ATLANTA, Nov. 18 (UPI) -- Seven of the largest U.S. airports still allow smoking indoors, exposing millions of U.S. airline passengers to secondhand smoke, U.S. health officials say.
A report by the Centers for Disease Control and Prevention in Atlanta says numerous studies have shown exposure to secondhand smoke can cause heart attacks, lung cancer, asthma attacks and other diseases.
The CDC study says more airports prohibit smoking than when the study began in 2002, but smoking is still allowed inside seven of the nation's largest airports, including three of the five busiest airports -- Hartsfield-Jackson Atlanta International Airport, Dallas/Fort Worth International Airport and Denver International Airport. Las Vegas McCarran International Airport, Charlotte Douglas International Airport, Washington Dulles International Airport and Salt Lake City International Airport also allow smoking.
Smoking was banned on domestic airline flights in 1990, but there is no national policy on airport indoor smoking.
The CDC study says of the 29 airports studied, 76 percent currently are smoke-free indoors, compared to 42 percent of 31 airports in 2002.

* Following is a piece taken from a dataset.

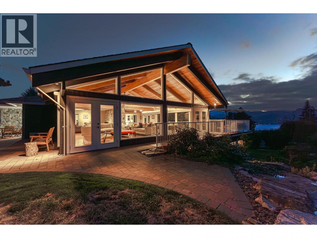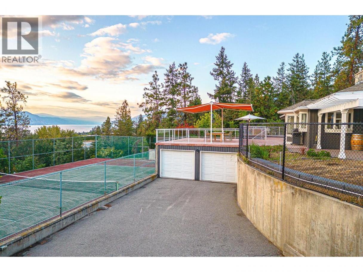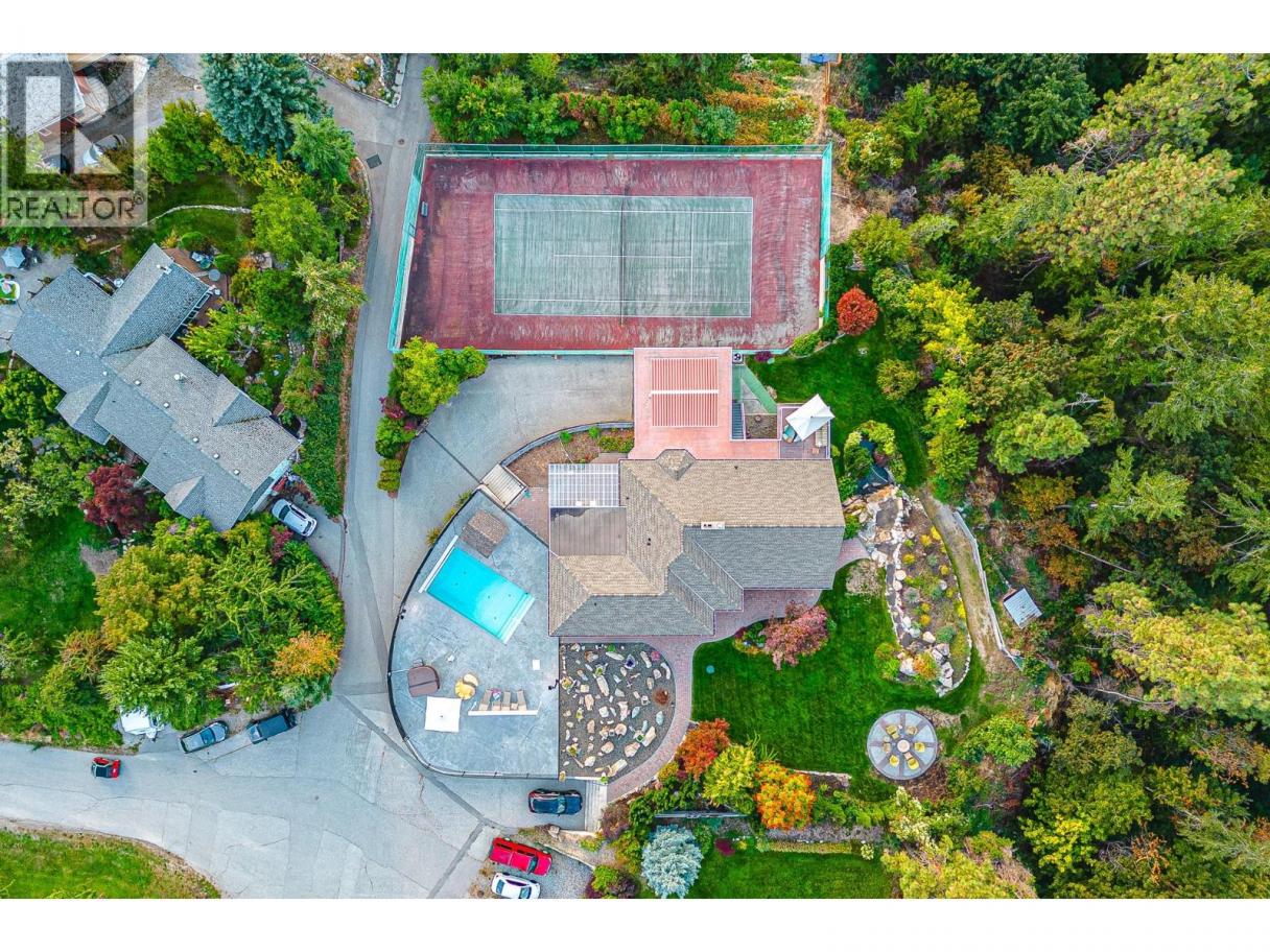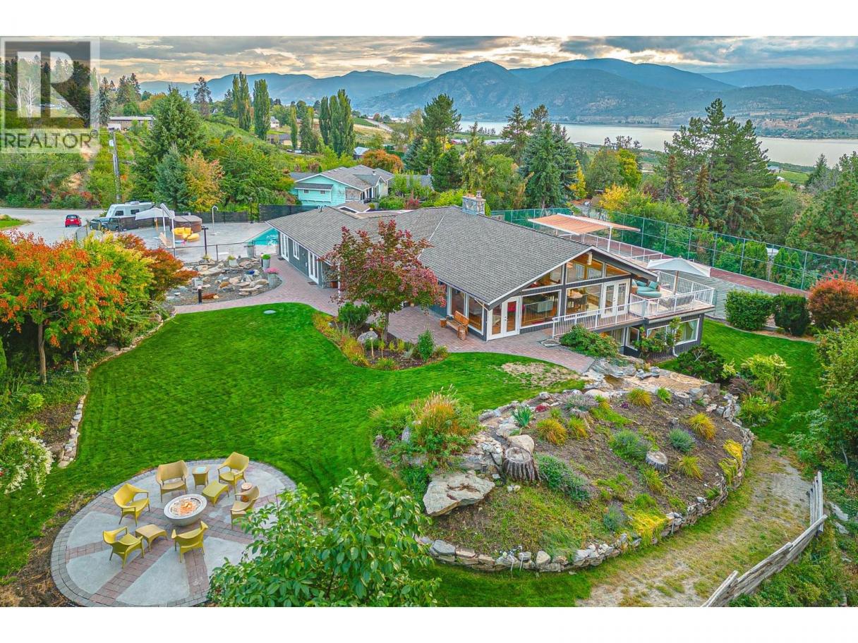 Nestled in luscious grounds this sprawling over 4700 sq ft RANCHER plus basement features: VIEWS, salt-water POOL, pickleball/tennis/basketball COURT, WORKSHOP and a GARAGE. Walk into your home with pouring natural light, massive wood beams and double sided granite fireplace overlooking the WATERFALL. This expansive home has a grand room with vaulted ceilings, room for a 10-person table, walk-out onto your vast patio with spectacular views of the lake. Perfect for entertaining or relaxing. Primary bedroom is beautifully finished with over 190sqft, walk through closet and tranquil ensuite. Bedrooms are steps away from the pool for ease. Downstairs you will find storage/den/wine cellar and a bathroom plus BONUS ROOM: gym/theater room or a potential suite. (id:6769)

"Every year, millions of people who travel through and work at these airports are unnecessarily exposed to secondhand smoke," Dr. Thomas R. Frieden, director of the CDC says in a statement. "Even ventilated smoking rooms do not eliminate secondhand smoke exposure. Eliminating smoking at airports is the only way to fully eliminate exposure for people who pass into and through airports. This is a no-cost, high-impact strategy that will protect millions of people from secondhand smoke while traveling."
The study was published Thursday in the CDC's Morbidity and Mortality Weekly Report.